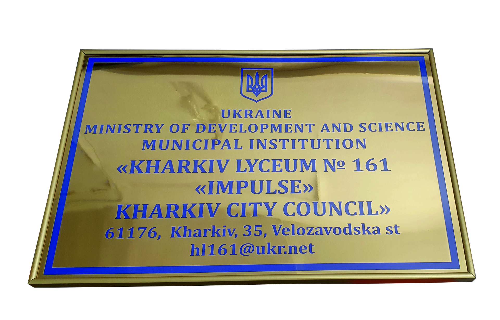 Вывеска из золотого пластика с защитным прозрачным стеклом в защитной золотистой алюминиевой рамке в Одессе. Изготавливаем любой размер вывески с индивидуальным просчетом.
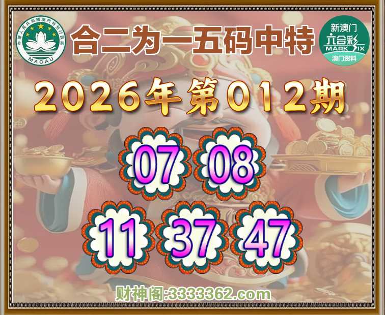 012期:【合二为一】 🚵‍♀️五码中特🚵‍♀️【07.08.11.37.47】开:11
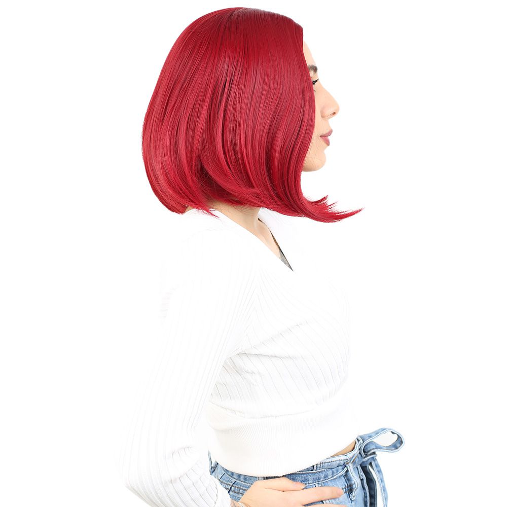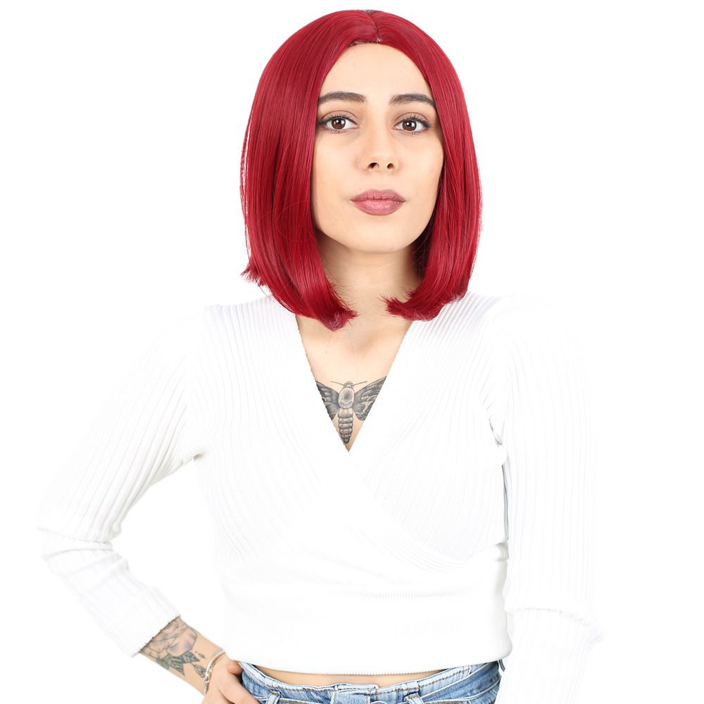 Fiber Sentetik Peruk Perçemsiz Kısa Düz - Kızıl
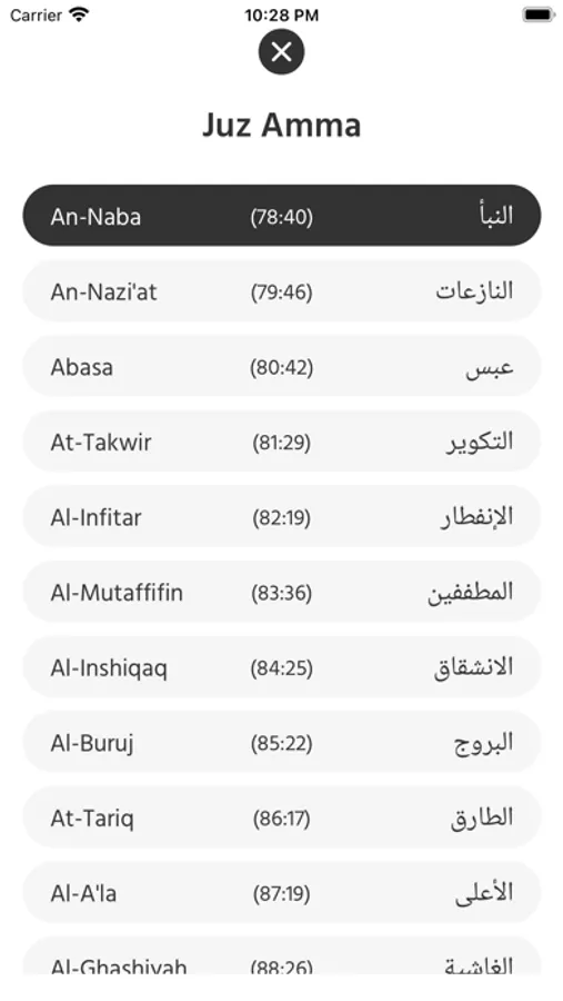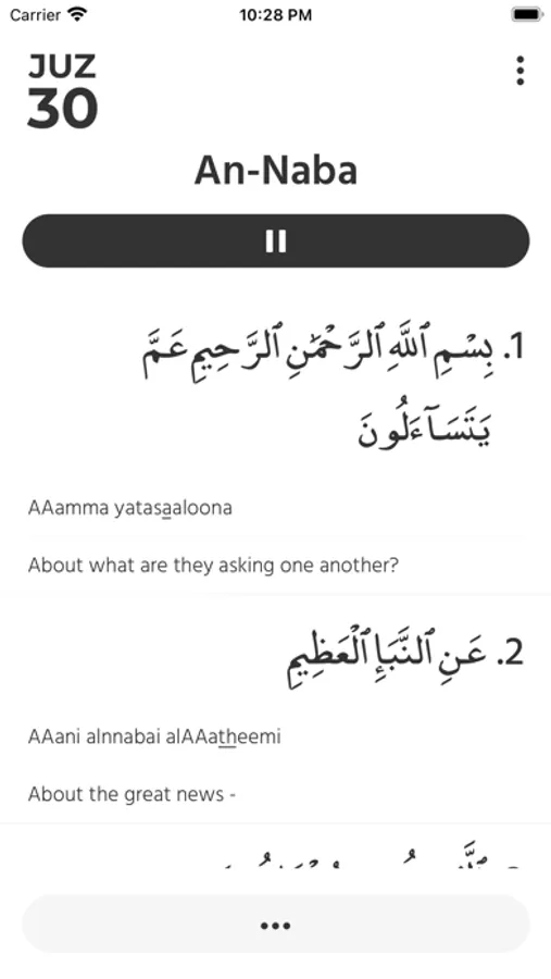 Experience the spiritual depth and beauty of the Quran with Juz30, your offline companion to the 30th part of the holy book. Dive into the profound verses of Juz Amma, comprising the last 37 chapters of the Quran, featuring concise and impactful messages that resonate with believers worldwide. Perfect for daily recitation, learning, and reflection, Juz30 App offers a user-friendly interface, audio recitations, translations, and transliterations, making it accessible to Muslims of all ages and backgrounds. Enhance your spiritual journey and strengthen your connection with the divine through Juz Amma refers to the 30th part of the Quran, which consists of the last 37 chapters (suras) of the holy book. These chapters are relatively shorter compared to others in the Quran and are often recited in daily prayers. Juz Amma covers a wide range of topics including faith, morality, guidance, and reminders about the Hereafter. Many of the chapters in Juz Amma contain verses that emphasize the importance of belief in one God, compassion towards others, and the consequences of one's actions in the afterlife. It's often recommended for Muslims, especially those who are learning to recite the Quran, to start with Juz Amma due to its shorter chapters and clearer language.
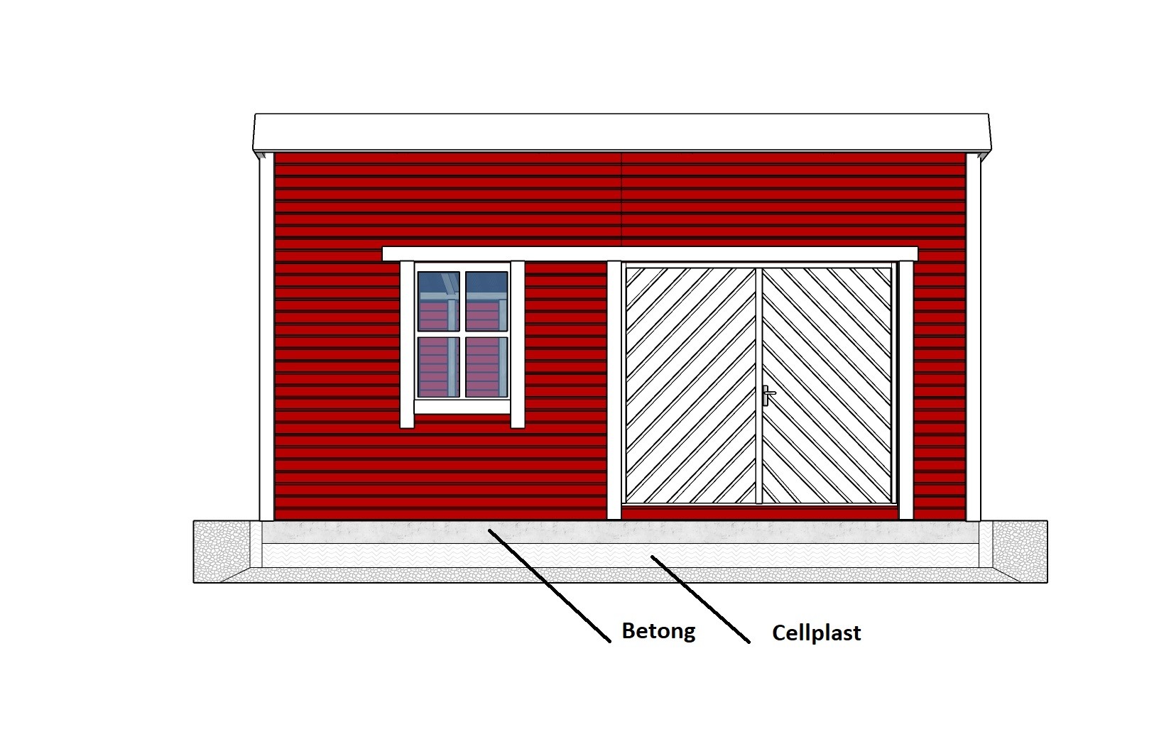 • Sektionsritning av ett förråd som visar lager av betong och cellplast i grunden för att förhindra frost.
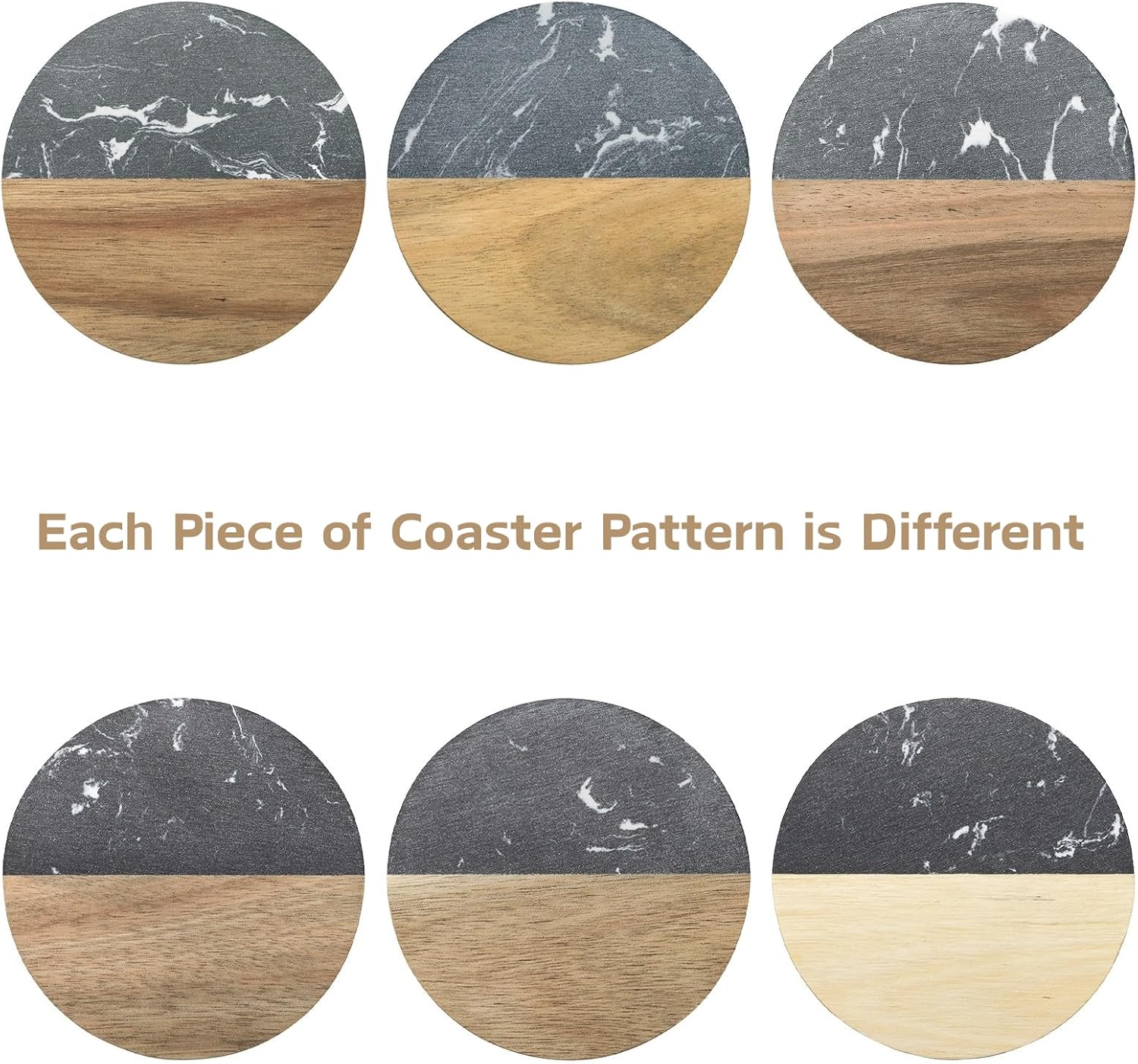 - Package and Size: Our product includes 6 packs of marble and wood coasters, each coaster measures 3.9 inch diameter and 0.4 inch thick, perfect size for setting hot drinks like hot coco, tea, coffee, or cold beverages like cocktails, wine, beer, etc.
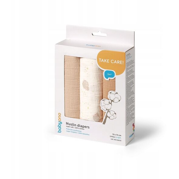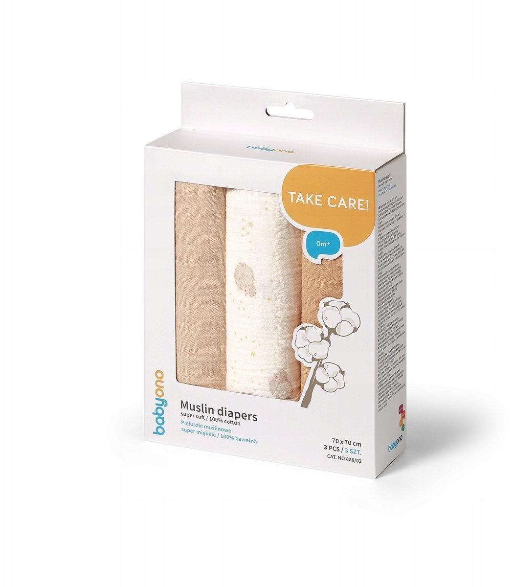 BABY ONO 828/02 PIELUSZKI muślinowe marszczone super miękkie beżowe
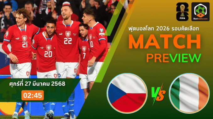 ฟุตบอลโลก 2026 รอบคัดเลือก โซนยุโรป รอบเพลย์ออฟ คืนวันศุกร์ที่ 27 มีนาคม 2569 เวลา 02:45 น. สาธารณรัฐเช็ก เปิดบ้านรับมือ ไอร์แลนด์ ในเกมที่ไม่มีคำว่าถอยให้ทั้งสองฝ่าย เพราะผู้ชนะจะได้ไปต่อบนเส้นทางลุ้นตั๋วสู่เวิลด์คัพทันที เกมนี้จึงเข้มข้นตั้งแต่ยังไม่เริ่มเตะ และสำหรับแฟนบอลที่เช็ก ตารางบอลวันนี้ อยู่แล้ว นี่คือคู่ที่ต้องจับตาแบบห้ามละสายตา
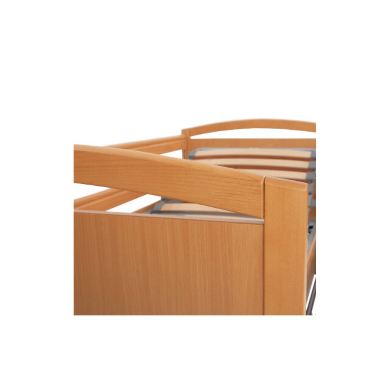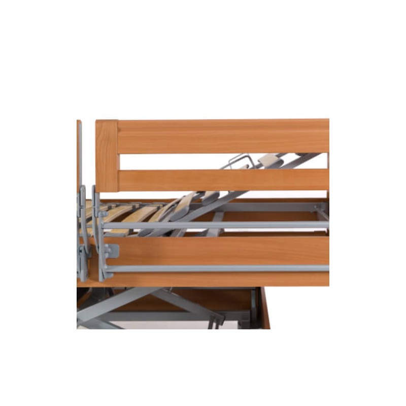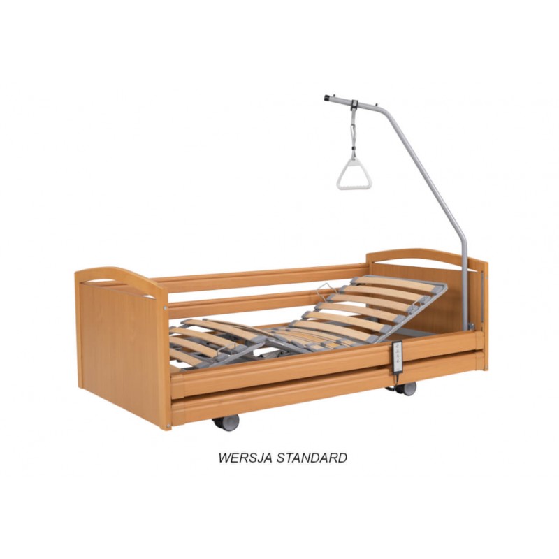 Kolejnym atutem jest dzielona barierka, która jest składana - opuszczana. Ma to na celu poprawić bezpieczeństwo rehabilitacji osób oraz umożliwić bezproblemowe poruszanie się na łóżku. Dodatkowo ten model mebla posiada w górnej części solidny zintegrowany wysięgnik z uchwytem wspomagający podnoszenie się seniora czy osoby rehabilitowanej.
···
* TASK GOAL: Reproduce exactly the lines from the beginning of the material down to the line containing "Fiber Sentetik Peruk", both ends included, but not the pictures or anything after.

* ANSWER SPACE:
 Вывеска из золотого пластика с защитным прозрачным стеклом в защитной золотистой алюминиевой рамке в Одессе. Изготавливаем любой размер вывески с индивидуальным просчетом.
 012期:【合二为一】 🚵‍♀️五码中特🚵‍♀️【07.08.11.37.47】开:11
 Fiber Sentetik Peruk Perçemsiz Kısa Düz - Kızıl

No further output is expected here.